Bagassosis, an interstitial lung disease, is a type of hypersensitivity pneumonitis attributed to exposure to moldy molasses or bagasse dust.

Signs and symptoms
Some symptoms and signs of Bagassosis include breathlessness, cough, haemoptysis, slight fever. Acute diffuse bronchiolitis may also occur.
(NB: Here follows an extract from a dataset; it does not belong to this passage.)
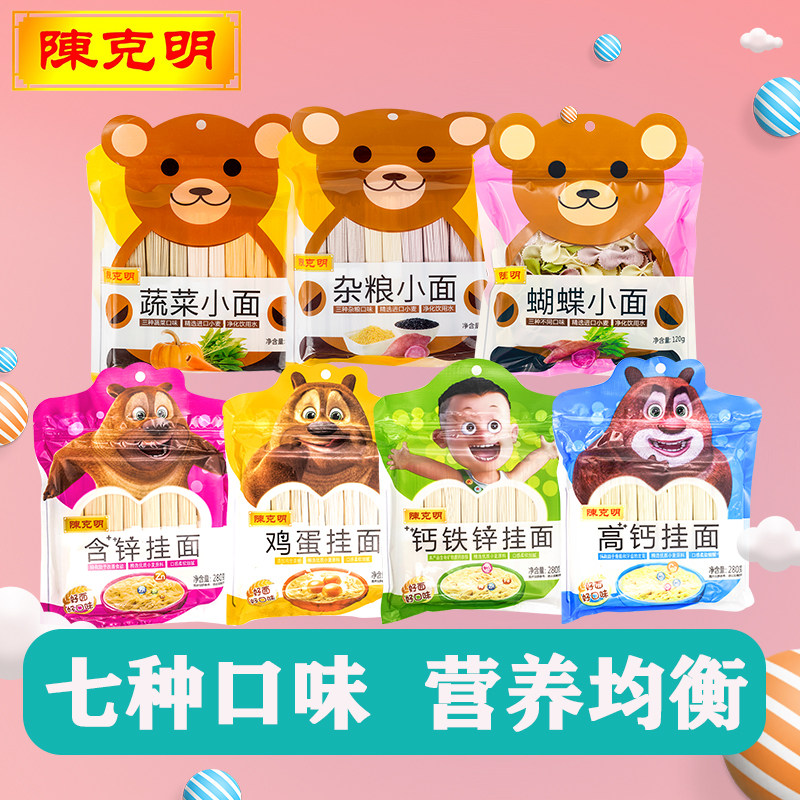 Chen Keming Children Noodles Calcium Iron Zinc Vegetable Miscellaneous Grain Eggs Butterfly Noodles Slim-shaped Baby Nutritional Hanging Surface Composition

An xray may show mottling of lungs or a shadow.

Cause
Bagassosis has been shown to be due to a thermophilic actinomycetes for which the name thermoactinomycetes sacchari was suggested.

Prevention
The following are precautionary measures that can be taken to avoid the spread of bagassosis:

 Dust control-prevention /suppression of dust such as wet process, enclosed apparatus, exhaust ventilation etc. should be used 
 Personal protection- masks/ respirators
 Medical control- initial medical examination & periodical checkups of workers
 Bagasse control- keep moisture content above 20% and spray bagasse with 2% propionic acid

History
Bagassosis was first reported in India by Ganguly and Pal in 1955, in a cardboard manufacturing plant near Kolkata. India has a large cane sugar industry. The sugarcane fibre which, until recently, went to waste, is now utilised in the manufacture of cardboard, paper and rayon.